跨多个功能的OpenMP线程团队的持久性 [英] Persistance of OpenMP thread teams across functions
问题描述
我有一个简单的程序,用于物理模拟。我想知道如何在OpenMP中实现某个线程模式。
int main()
{
#define steps(100000)
for(int t = 0; t {
firstParallelLoop();
secondParallelLoop();
if(!(t%100))
{
checkpoint();
$ b $ void firstParallelLoop()
{//在另一个文件中c
#pragma omp parallel for
for( int i = 0; i< sizeOfSim; i ++)
{
//一些原子浮点运算符。
$ b $ p
$ b前一段时间,我使用pthreads,并且获得了1.7加速在我的dualcore笔记本电脑上。使用OpenMP时,我似乎无法获得任何加速。我怀疑问题是线程组/池正在快速创建和销毁,并带来灾难。
在我的pthreads实现中,我需要确保没有创建新线程,并且我的程序表现为客户端服务器。在pthreads方案中,main()是一个服务器,调用firstParallelLoop会释放触发线程重新处理数据的互斥体/信号量。

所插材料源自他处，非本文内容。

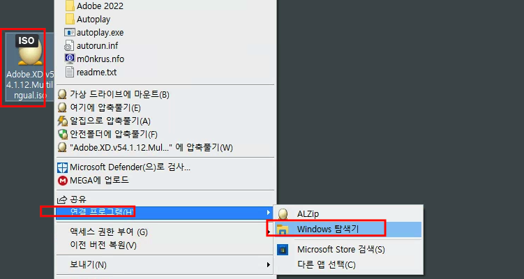 ISO파일 > 마우슨 오른족키 > 탐색기로 열기

当我查看CPU利用率时,我预计它会超过30%(4核心,2是HT),但它保持在27 ...
p>
如何让OpenMP执行类似的操作?如何让OpenMP重用我的线程?
code>通过类似于线程池的方式在POSIX系统上实现线程组 - 线程仅在遇到第一个并行区域时创建,每个线程运行一个无限工作循环。进入和退出平行区域是通过障碍来实现的。默认情况下, libgomp
使用忙等待和睡眠来实现屏障。忙等待的数量由 OMP_WAIT_POLICY
环境变量控制。如果未指定,那么等待屏障的线程将忙于等待300000个自旋(3毫秒,100000个自旋/毫秒),然后进入休眠状态。如果 OMP_WAIT_POLICY
设置为活动
,则忙等待时间增加到30000000000转(100000转5分钟/秒)。您可以通过将 GOMP_SPINCOUNT
变量设置为繁忙周期数( libgomp
假定的)来优化繁忙等待时间100000个自旋/毫秒,但可能因CPU而异5倍)。您可以完全禁用这样的睡眠: OMP_WAIT_POLICY =活动GOMP_SPINCOUNT =无限OMP_NUM_THREADS = ... ./program
这会以某种方式改善线程团队的开始时间,但是会以CPU时间为代价,因为空闲线程不会闲置,而是忙碌等待。
为了消除开销,您应该以更适合OpenMP的方式重写您的程序。您的示例代码可以像这样重写:
int main()
{
#define steps( 100000)
#pragma omp parallel
{
for(int t = 0; t {
firstParallelLoop();
secondParallelLoop();
if(!(t%100))
{
#pragma omp master
checkpoint();
#pragma omp barrier
}
}
}
}
void firstParallelLoop()
{//在另一个文件中.c
#pragma omp for
for(int i = 0; i< sizeOfSim; i ++)
{
//一些原子浮点运算符。
请注意以下两点:
- 在主程序中插入并行区域。不过,不是并行。团队中的所有线程都会执行外部循环
steps
次。
- 只有使用
omp 时,并行 firstParallelLoop
中的c>循环是并行的。因此,如果在OpenMP平行外部调用,并且在平行区域内调用它时,它将作为串行循环执行。对于 secondParallelLoop
中的循环应该做同样的事情。
主循环用于确保其他线程在开始下一次迭代之前等待检查点完成。
I have a simple program that I am using for physics simulation. I want to know how to implement a certain threading paradigm in OpenMP.
int main()
{
#define steps (100000)
for (int t = 0;t < steps; t++)
{
firstParallelLoop();
secondParallelLoop();
if (!(t%100))
{
checkpoint();
}
}
}
void firstParallelLoop()
{// In another file.c
#pragma omp parallel for
for (int i = 0; i < sizeOfSim;i++)
{
//Some atomic floating point ops.
}
}
Formerly, I was using pthreads and got a 1.7 speedup on my dualcore laptop. I can't seem to get any speedup when using OpenMP. I suspect the problem is that the thread groups/pools are rapidly being created and destroyed with disasterous effect.
In my pthreads implementations I needed to ensure that no new threads were created, and that my program behaved as a client-server. In the pthreads scheme, the main() was a server and calls to firstParallelLoop would release mutexes/semaphores that triggered the thread to reprocess the data.
When I look at CPU utilization I expect it to be over the 30% mark (4 core, 2 are HT), but it stays around 27...
How do I get OpenMP to do something similar? How can I tell OpenMP to reuse my threads?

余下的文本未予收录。